声に応じて、霊のような姿の飛鳥さんがカプセルの中で起き上がると、―――実体の男、すなわちキャプテン・ブラッドもまた、ゆっくりと身を起こした。動きが連動するのも、ゴルマデスのときと一緒だ。
「君は我らが超・秘密組織の超・科学力の粋を結集し、人体改造により造り出された、超・最強の戦士だ。あらゆる生物の頂点に君臨し生殺与奪の権利を担う、超・絶対的にして超・悪魔的な力、いわば魔王の才を、我らは君に与えた。さあ、その人知を超越したスーパーパワーを超・存分にふるい、世界中に魔王来たれりと超々々々々知らしめるがよい。『グレイテスト・マッスル』は、我々がそのために君に用意した、お披露目の場だ……」
飛鳥さんは―――キャプテン・ブラッドは、ディスプレイの向こうからの声を聞きながら、首を右左に何度か鳴らし、右腕を曲げ指を曲げ、それから、機械の体である左腕を曲げ、指を曲げた。それぞれに、自らの意志が通っていることを確かめる。
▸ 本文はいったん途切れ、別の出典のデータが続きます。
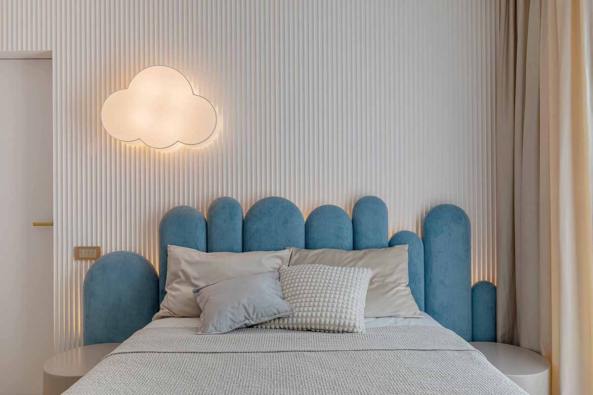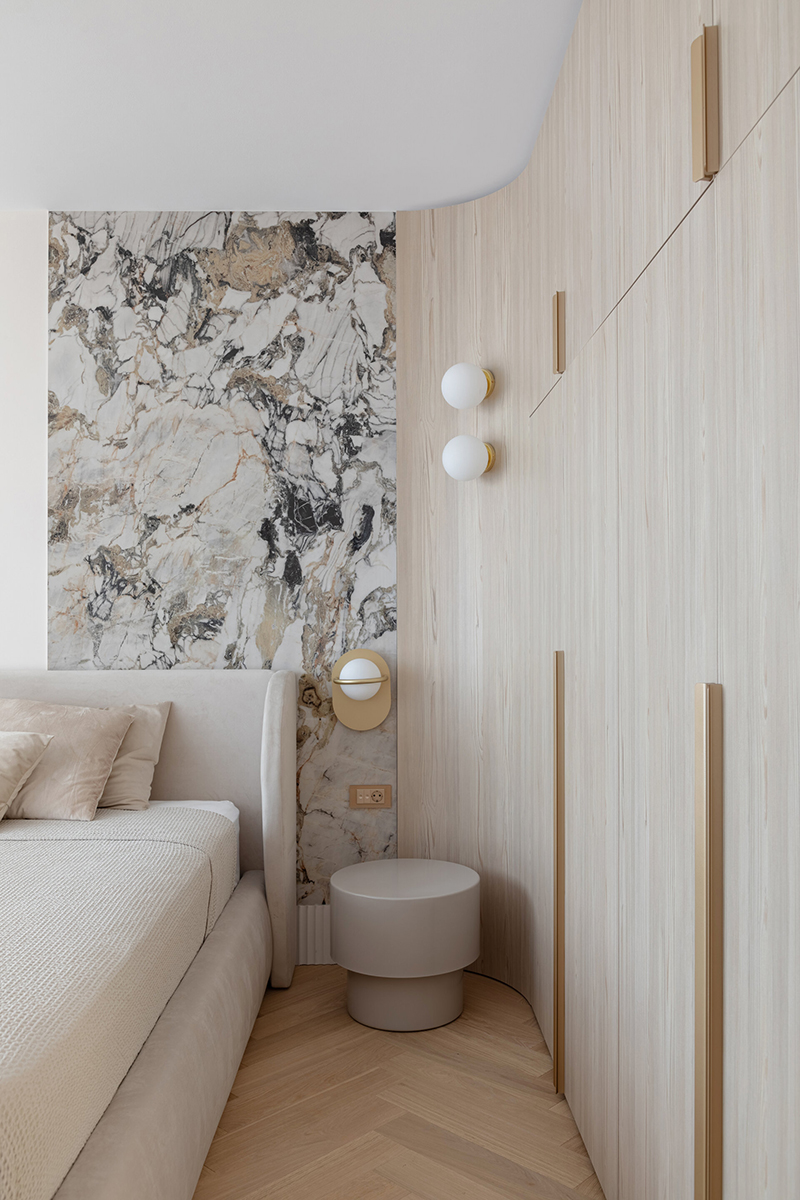 Dormitorul matrimonial reia jocul dintre suprafețele plane și cele curbate, cu precădere în cazul dressing-ului, ale cărui curbe sunt prezente de la intrarea în spațiu și se continuă pe întreaga lungime a peretelui, anulând colțul. În spatele patului, alăturarea fragmentară dintre piatră și lemn creează un fundal pictural.

彼がカプセルから出て立ち上がり、まずしたのは、まだ何か超・秘密組織の超・使命だの超・宿願だのを興奮した口調で語り続けるディスプレイを、叩き壊すことだった。
「俺に命令するな」キャプテン・ブラッドが、ディスプレイの向こうの黒人よりさらに野太いバスボイスで言った。「だが、最強を証明することに異存はない」
むろんその声は飛鳥さんが発しているのだが、飛鳥さんの唇の動きとキャプテンの唇の動きは、まるで合ってないように見える。―――吹き替え?
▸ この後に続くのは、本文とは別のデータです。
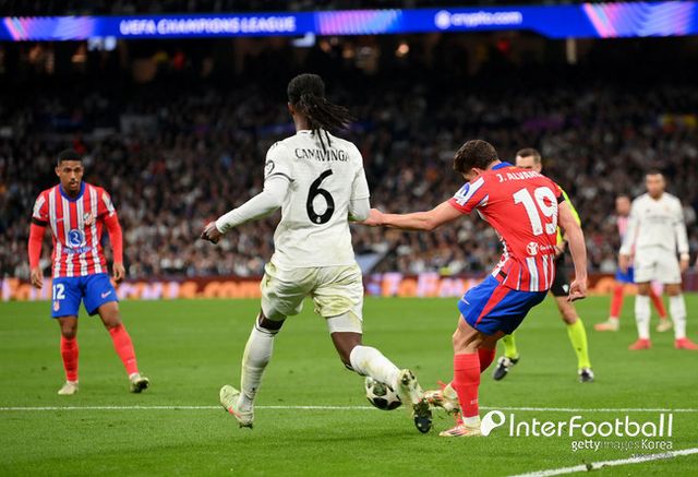 아틀레티코도 ‘원더골’로 응수했다. 전반 32분 알바레즈가 페널티 박스 왼쪽에서 기습적으로 감아 찬 슈팅이 아름다운 궤적을 그리며 그대로 레알 골문으로 빨려 들어갔다. 엄청난 원더골로 승부의 균형을 맞췄다.

キャプテン・ブラッドは、腰に手を当てすっくと胸を張り、自らの分厚い筋肉と鋼の装甲を誇示するようにポーズを取った―――後、ちょっと恥ずかしげに身をすくめた。「男の裸はなぁ……あー、この何かぶら下がってる感じ、すんげーイヤ……」中の飛鳥さんが、僕にだけ聞こえる声で言った。「いつもは平気なんだけどね、あんたに見られてると思うと、なんかこう……んー……」
言葉を濁しつつ、壁にあった適当なボタンを押すと、都合のいいことにそこはクローゼットで、中には真新しい迷彩服がぶら下がっていた。
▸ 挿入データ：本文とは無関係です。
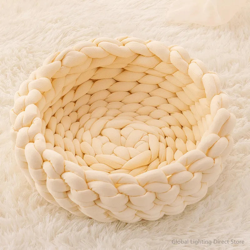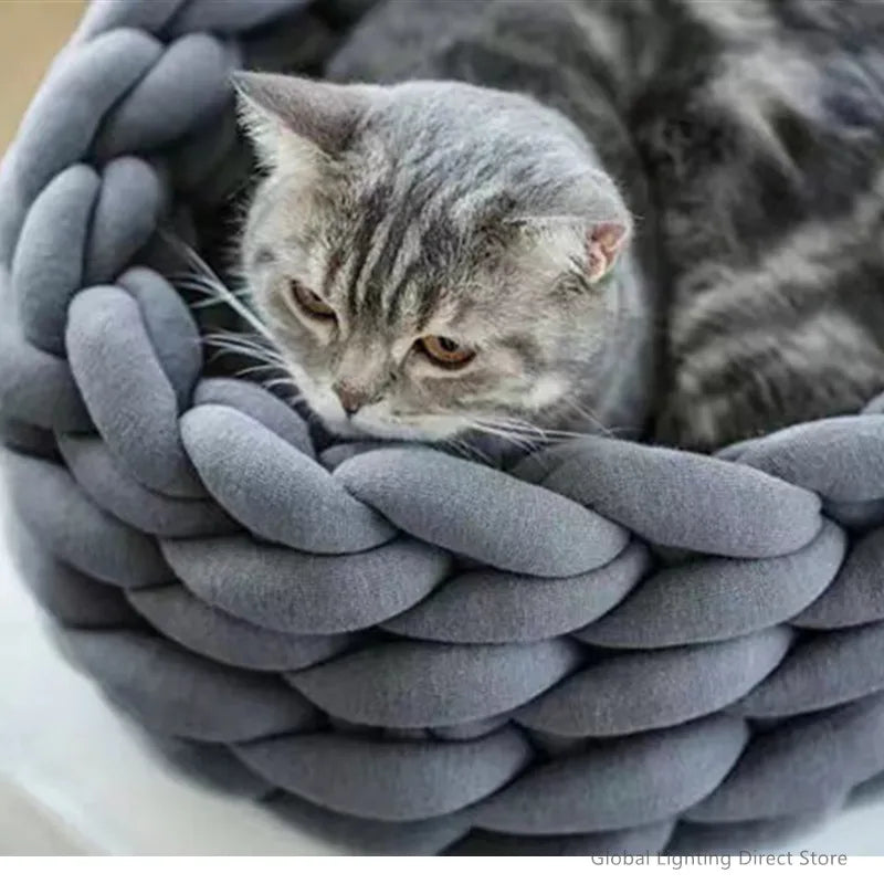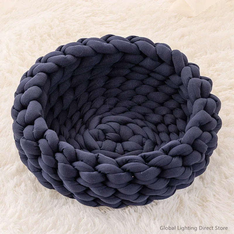 Handmade Knit Warm Soft Dog Cat Bed Mats Pet Kennel Detachable Small Dogs Cats Cave Basket Puppy Sleeping Bags Cozy Pets House 2

飛鳥さんは、下半身はしっかりベルトを締めつつ、上半身は前を留めず、右半身の腹筋と左半身の装甲を見せつけるような姿を整え、それから、赤いベレー帽をひょいとかぶった。
「似合う?」
今度は、ぴしっと親指を立てるポーズを、凛々しくキメてみせる。にやりと笑うと白い歯がきらりと光ったりして、子供にガムでも配ってそうなさわやか軍人さんだ―――この新たなる魔王は、重厚なのか軽薄なのかちっともわからないな。
「さて」
すべきことは済ませたと見て取り、飛鳥さん―――キャプテン・ブラッドは、輸送機の乗降ハッチに蹴りを入れた。たいした力を入れた様子もないのに、ハッチは飴のようにひしゃげて壊れ、弾け飛んで機体後方へ消えていく。
「ご期待通りに、魔王降臨といきますか!」
生まれる気圧差による気流に身を任せ、空気を裂く爆音が轟く中、キャプテン・ブラッドはパラシュートもなしに機外へダイブした。